Fukawatase Yoshihiro, Toyoda Masashi, Okamura Kohji, Nakamura Ken-ichi, Nakabayashi Kazuhiko, Takada Shuji, Yamazaki-Inoue Mayu, Masuda Akira, Nasu Michiyo, Hata Kenichiro, Hanaoka Kazunori, Higuchi Akon, Takubo Kaiyo, Umezawa Akihiro
1] Department of Reproductive Biology, National Research Institute for Child Health and Development, Tokyo, 157-8535, Japan [2] School of BioMedical Science, Tokyo Medical and Dental University, Tokyo, 113-0034, Japan.
1] Department of Reproductive Biology, National Research Institute for Child Health and Development, Tokyo, 157-8535, Japan [2] Department of Research Team for Geriatric Medicine, Tokyo Metropolitan Institute of Gerontology, Tokyo, 173-0015, Japan.
Sci Rep. 2014 Jun 27;4:5421. doi: 10.1038/srep05421.

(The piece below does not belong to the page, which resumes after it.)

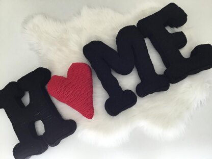 Pattern includes four letters H, O, M, E and heart decoration. The lenght of each letter is about 12”/30 cm and the width of the letters all together is about 38”/96 cm.

Ataxia telangiectasia is a neurodegenerative inherited disease with chromosomal instability and hypersensitivity to ionizing radiation. iPS cells lacking ATM (AT-iPS cells) exhibited hypersensitivity to X-ray irradiation, one of the characteristics of the disease. While parental ataxia telangiectasia cells exhibited significant chromosomal abnormalities, AT-iPS cells did not show any chromosomal instability in vitro for at least 80 passages (560 days). Whole exome analysis also showed a comparable nucleotide substitution rate in AT-iPS cells. Taken together, these data show that ATM is involved in protection from irradiation-induced cell death.
共济失调毛细血管扩张症是一种具有染色体不稳定和对电离辐射高度敏感的神经退行性遗传病。缺乏ATM的诱导多能干细胞(AT-iPS细胞)对X射线照射表现出高度敏感性,这是该疾病的特征之一。虽然亲代共济失调毛细血管扩张症细胞表现出明显的染色体异常,但AT-iPS细胞在体外至少传代80次(560天)均未显示出任何染色体不稳定。全外显子组分析还显示AT-iPS细胞中的核苷酸替换率相当。综上所述,这些数据表明ATM参与了对辐射诱导的细胞死亡的保护作用。